Source: Christine Souza, California Farm Bureau Federation

For more than a decade, beginning with the advent of global positioning systems, the use of precision agriculture on the farm has transformed into a whole style of technology that uses computers and satellites to know where the operator is in the field and then deliver the exact inputs needed to that location, says the California Farm Bureau Federation TODAY. This technology helps farmers improve yields, decrease inputs and reduce costs.

YET, some observers warn growers to understand what they are agreeing to regarding the use of their private data before approving a company’s terms of service.

“The new big-data technology provides a huge opportunity for farmers to increase their production and their efficiencies.
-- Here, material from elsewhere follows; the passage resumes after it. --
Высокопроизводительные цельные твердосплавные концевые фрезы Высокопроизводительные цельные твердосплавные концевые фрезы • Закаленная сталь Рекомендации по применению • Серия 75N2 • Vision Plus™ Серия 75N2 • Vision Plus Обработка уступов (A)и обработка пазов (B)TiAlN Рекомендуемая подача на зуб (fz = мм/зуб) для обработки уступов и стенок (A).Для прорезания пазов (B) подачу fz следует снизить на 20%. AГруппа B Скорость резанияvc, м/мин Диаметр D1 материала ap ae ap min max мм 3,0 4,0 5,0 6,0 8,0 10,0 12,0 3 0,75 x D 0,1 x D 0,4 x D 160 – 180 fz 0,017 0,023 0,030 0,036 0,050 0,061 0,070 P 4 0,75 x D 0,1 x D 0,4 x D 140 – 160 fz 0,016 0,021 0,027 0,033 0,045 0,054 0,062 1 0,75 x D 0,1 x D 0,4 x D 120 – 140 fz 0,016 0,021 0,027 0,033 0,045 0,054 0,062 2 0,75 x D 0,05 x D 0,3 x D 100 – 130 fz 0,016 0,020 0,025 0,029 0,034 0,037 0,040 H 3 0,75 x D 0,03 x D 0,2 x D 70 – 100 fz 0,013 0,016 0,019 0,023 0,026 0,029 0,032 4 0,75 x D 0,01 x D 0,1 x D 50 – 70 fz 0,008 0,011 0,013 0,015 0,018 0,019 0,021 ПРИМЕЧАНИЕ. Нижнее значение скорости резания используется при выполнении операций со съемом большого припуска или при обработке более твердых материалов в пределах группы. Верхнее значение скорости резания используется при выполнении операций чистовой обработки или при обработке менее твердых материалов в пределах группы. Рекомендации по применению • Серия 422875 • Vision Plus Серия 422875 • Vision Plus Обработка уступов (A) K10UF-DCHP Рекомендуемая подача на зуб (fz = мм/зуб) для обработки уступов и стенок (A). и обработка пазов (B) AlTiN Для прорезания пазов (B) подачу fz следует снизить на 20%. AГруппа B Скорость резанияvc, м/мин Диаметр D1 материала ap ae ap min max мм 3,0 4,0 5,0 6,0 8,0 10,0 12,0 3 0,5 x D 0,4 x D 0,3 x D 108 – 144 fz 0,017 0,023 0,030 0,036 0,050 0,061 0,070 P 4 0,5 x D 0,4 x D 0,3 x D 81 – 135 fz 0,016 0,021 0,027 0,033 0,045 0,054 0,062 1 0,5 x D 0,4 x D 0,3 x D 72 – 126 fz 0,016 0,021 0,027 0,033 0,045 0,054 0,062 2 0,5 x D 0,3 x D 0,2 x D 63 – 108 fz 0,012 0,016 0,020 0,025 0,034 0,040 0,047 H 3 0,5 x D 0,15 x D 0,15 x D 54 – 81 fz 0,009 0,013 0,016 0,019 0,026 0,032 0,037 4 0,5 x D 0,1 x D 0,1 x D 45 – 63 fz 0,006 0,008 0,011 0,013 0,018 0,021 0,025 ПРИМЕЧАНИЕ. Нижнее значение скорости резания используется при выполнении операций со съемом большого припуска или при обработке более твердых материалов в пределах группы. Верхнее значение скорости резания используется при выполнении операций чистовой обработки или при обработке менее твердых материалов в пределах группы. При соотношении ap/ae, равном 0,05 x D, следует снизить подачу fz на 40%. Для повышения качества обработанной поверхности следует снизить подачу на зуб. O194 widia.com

However, it is important that farmers read the fine print and understand the privacy issues that surround release of their data,” said Mary Kay Thatcher, senior director of congressional relations for the American Farm Bureau Federation.
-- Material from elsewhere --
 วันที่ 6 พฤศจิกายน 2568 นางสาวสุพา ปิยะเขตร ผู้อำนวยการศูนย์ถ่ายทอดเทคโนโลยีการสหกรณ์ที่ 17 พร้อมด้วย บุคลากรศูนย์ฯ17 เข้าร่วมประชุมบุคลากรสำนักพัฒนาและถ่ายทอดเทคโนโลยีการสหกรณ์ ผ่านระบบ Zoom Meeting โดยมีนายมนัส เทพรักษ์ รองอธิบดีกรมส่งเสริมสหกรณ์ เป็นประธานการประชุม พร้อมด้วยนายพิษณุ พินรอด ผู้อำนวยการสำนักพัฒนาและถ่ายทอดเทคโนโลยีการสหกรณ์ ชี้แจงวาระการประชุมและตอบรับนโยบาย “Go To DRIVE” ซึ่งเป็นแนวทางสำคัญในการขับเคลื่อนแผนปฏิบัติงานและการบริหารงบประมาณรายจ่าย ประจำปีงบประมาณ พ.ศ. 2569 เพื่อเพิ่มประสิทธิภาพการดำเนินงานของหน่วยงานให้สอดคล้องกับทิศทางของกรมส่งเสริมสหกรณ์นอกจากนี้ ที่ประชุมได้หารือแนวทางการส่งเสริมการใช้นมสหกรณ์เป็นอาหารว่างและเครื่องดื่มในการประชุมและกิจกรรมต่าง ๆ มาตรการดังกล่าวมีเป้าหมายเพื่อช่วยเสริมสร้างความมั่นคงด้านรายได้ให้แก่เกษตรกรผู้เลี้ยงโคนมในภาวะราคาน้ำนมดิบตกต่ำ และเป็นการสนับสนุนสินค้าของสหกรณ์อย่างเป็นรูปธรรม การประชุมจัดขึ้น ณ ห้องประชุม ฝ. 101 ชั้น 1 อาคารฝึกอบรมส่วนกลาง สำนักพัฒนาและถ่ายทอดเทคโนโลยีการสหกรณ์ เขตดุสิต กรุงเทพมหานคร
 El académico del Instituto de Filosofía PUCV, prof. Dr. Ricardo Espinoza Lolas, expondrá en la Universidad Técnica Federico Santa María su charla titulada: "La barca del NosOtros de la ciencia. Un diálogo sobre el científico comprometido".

AFBF has reported an increasing amount of discussion about the ownership of data from various GPS planting and harvesting monitoring technology. For example, several seed and/or equipment companies offer farmers the option to store data from their monitors “on the cloud,” that is, on a Web-based service rather than on a personal computer.

If farmers select this option, the companies can access the data. In some cases, the companies will have real-time access to planting and harvest data. In other cases, broadband capabilities in rural areas may not be advanced enough for that to happen.
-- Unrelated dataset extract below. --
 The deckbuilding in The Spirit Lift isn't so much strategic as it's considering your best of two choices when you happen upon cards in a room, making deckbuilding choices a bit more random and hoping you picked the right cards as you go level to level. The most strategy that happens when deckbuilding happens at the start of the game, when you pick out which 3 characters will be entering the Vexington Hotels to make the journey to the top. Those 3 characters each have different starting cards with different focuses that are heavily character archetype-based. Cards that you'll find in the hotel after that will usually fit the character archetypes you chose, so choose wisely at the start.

While some companies aggregate the data and make it available to all who provide it, AFBF said it appears there is not a policy in place to ensure that the companies don’t use the data to their benefit—and that they might indeed be able to manipulate the market with enough real-time data.

In late 2013, AFBF and a number of state Farm Bureaus met with agricultural technology providers that are collecting and using “big data” in their marketing and services to farmers. During these discussions, AFBF reported, it became clear that big-data technology would expand at a rapid rate in the next few growing seasons.

AFBF suggests that farmers consider the following regarding the use and privacy of data:

  • Do you own the data?
  • How will the data be used and what benefits will you receive from allowing a provider to include data in a database?
  • Will you control management of the data?
  • What is aggregated data and how can it protect the farmer?
  • How can a farmer’s “anonymized,” or non-personal, data be traced back to the farm?
  • Can you stop sharing data once you agreed to share?
  • Who else might have access to the data, and can it be released to the public or a third party?
  • What is the value of data to the farmer and what is the value of the data to the company?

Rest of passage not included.